» Task instructions
Scan the records for lines with the word "house", and copy every such line.

Records from a collection

══════════

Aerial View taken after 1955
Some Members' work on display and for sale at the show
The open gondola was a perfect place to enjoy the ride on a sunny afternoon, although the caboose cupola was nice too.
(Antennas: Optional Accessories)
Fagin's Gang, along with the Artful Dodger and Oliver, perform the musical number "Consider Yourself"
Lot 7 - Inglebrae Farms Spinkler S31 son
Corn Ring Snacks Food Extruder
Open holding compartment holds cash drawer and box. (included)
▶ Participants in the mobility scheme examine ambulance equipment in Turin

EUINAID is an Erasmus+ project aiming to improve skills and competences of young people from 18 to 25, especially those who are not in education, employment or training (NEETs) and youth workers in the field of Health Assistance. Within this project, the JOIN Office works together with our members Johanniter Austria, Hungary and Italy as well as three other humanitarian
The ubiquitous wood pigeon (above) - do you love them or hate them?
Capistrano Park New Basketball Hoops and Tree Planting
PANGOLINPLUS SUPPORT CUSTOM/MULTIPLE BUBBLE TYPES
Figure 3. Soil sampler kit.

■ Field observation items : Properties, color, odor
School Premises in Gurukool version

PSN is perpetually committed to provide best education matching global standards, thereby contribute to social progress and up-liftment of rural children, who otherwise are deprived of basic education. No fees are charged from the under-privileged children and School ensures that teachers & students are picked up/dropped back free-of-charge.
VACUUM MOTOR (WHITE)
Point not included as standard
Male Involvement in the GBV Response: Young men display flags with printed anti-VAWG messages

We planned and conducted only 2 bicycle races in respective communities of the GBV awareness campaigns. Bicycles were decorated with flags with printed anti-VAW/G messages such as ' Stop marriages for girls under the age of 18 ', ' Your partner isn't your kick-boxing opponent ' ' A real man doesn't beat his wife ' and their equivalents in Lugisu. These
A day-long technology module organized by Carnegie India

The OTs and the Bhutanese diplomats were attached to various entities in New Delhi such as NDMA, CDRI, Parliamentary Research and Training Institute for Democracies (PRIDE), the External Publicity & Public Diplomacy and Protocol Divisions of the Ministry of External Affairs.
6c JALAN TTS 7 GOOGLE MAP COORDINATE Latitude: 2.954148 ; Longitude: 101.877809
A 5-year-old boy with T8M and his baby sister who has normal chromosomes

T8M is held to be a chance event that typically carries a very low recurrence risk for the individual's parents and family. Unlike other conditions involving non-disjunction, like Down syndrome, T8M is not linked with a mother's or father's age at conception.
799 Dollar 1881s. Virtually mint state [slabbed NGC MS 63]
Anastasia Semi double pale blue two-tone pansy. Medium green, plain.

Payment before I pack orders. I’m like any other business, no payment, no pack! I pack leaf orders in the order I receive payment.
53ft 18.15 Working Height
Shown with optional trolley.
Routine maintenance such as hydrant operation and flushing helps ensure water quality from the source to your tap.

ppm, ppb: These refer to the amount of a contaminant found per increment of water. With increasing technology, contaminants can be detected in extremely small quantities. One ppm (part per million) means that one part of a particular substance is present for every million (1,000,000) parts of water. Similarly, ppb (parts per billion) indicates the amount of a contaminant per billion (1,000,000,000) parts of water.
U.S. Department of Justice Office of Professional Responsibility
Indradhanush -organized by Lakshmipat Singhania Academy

══════════

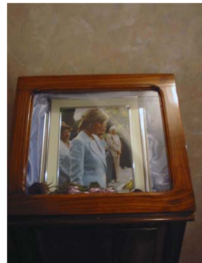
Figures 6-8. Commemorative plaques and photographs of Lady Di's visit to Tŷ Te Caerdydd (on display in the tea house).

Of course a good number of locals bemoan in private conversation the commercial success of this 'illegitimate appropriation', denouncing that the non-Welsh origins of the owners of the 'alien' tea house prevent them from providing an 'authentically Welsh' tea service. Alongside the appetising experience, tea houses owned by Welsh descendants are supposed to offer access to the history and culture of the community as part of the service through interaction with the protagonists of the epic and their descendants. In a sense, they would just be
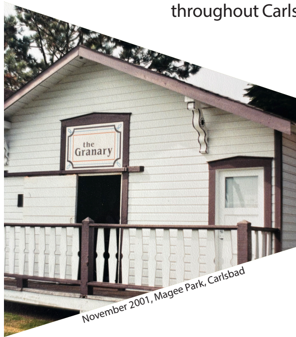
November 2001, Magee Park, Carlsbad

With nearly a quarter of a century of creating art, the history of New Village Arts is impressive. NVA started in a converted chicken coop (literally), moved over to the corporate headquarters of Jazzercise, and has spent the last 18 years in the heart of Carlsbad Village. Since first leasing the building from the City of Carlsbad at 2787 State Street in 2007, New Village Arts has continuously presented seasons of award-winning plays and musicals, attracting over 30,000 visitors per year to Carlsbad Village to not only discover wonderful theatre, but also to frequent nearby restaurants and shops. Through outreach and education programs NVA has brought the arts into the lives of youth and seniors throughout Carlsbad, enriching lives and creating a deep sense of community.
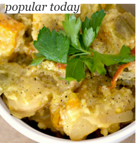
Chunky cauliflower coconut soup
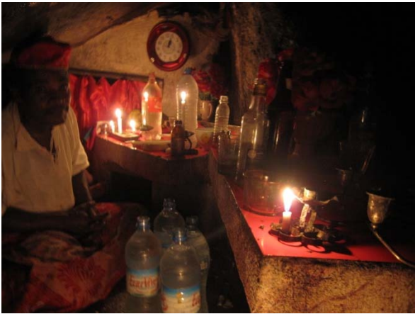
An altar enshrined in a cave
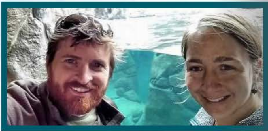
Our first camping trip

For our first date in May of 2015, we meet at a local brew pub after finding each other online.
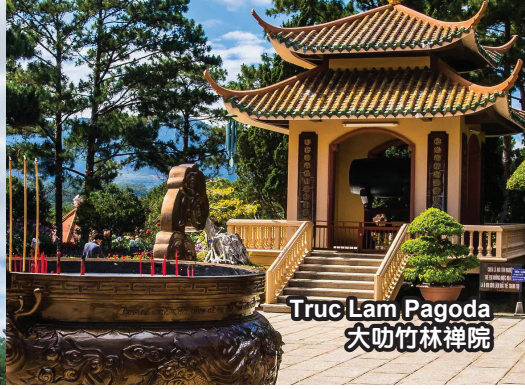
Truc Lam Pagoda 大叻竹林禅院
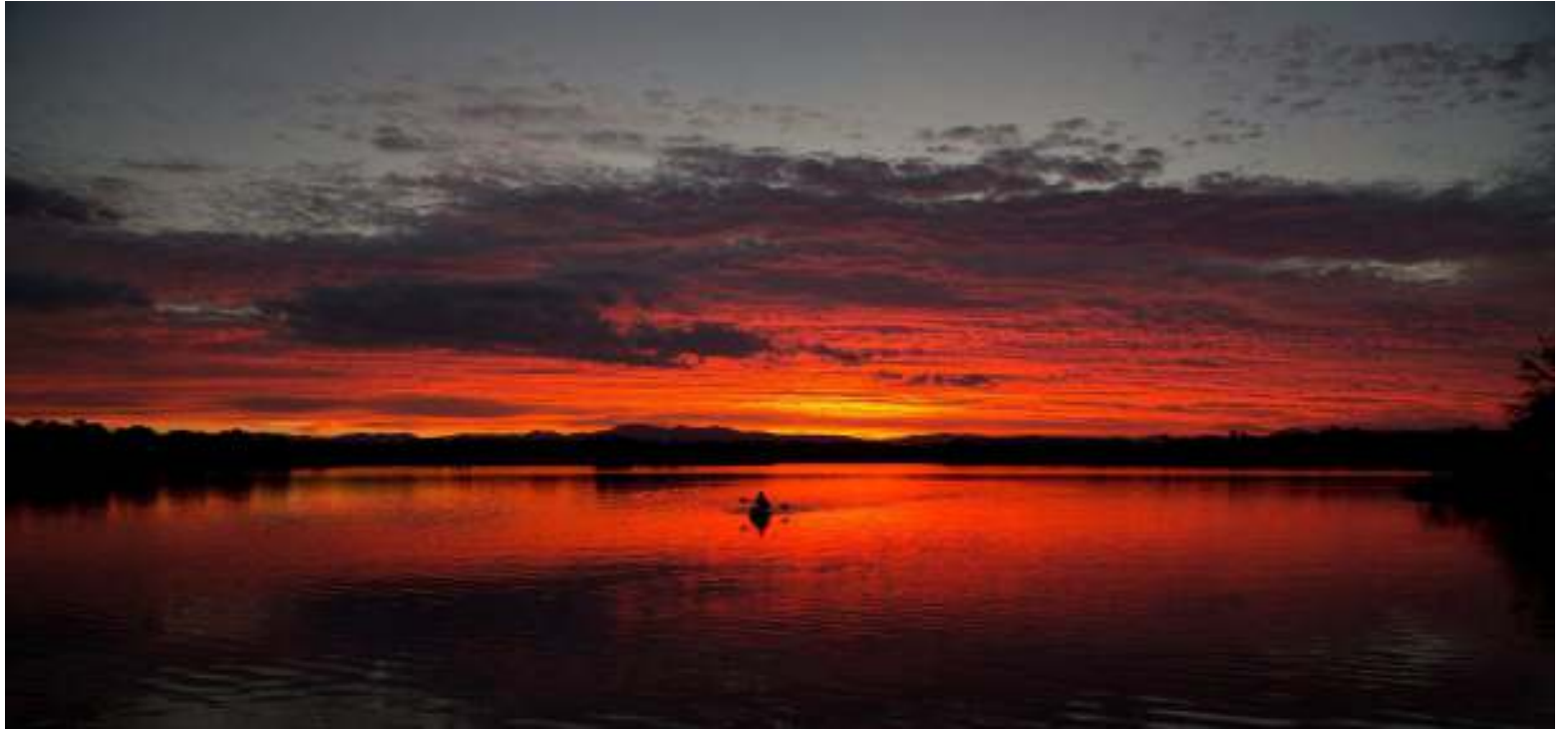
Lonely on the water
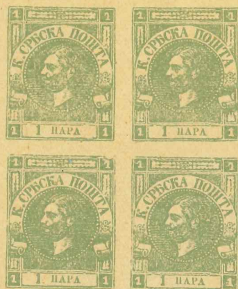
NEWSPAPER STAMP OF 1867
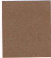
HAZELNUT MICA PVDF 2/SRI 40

══════════

» Result for this task
Figures 6-8. Commemorative plaques and photographs of Lady Di's visit to Tŷ Te Caerdydd (on display in the tea house).
Of course a good number of locals bemoan in private conversation the commercial success of this 'illegitimate appropriation', denouncing that the non-Welsh origins of the owners of the 'alien' tea house prevent them from providing an 'authentically Welsh' tea service. Alongside the appetising experience, tea houses owned by Welsh descendants are supposed to offer access to the history and culture of the community as part of the service through interaction with the protagonists of the epic and their descendants. In a sense, they would just be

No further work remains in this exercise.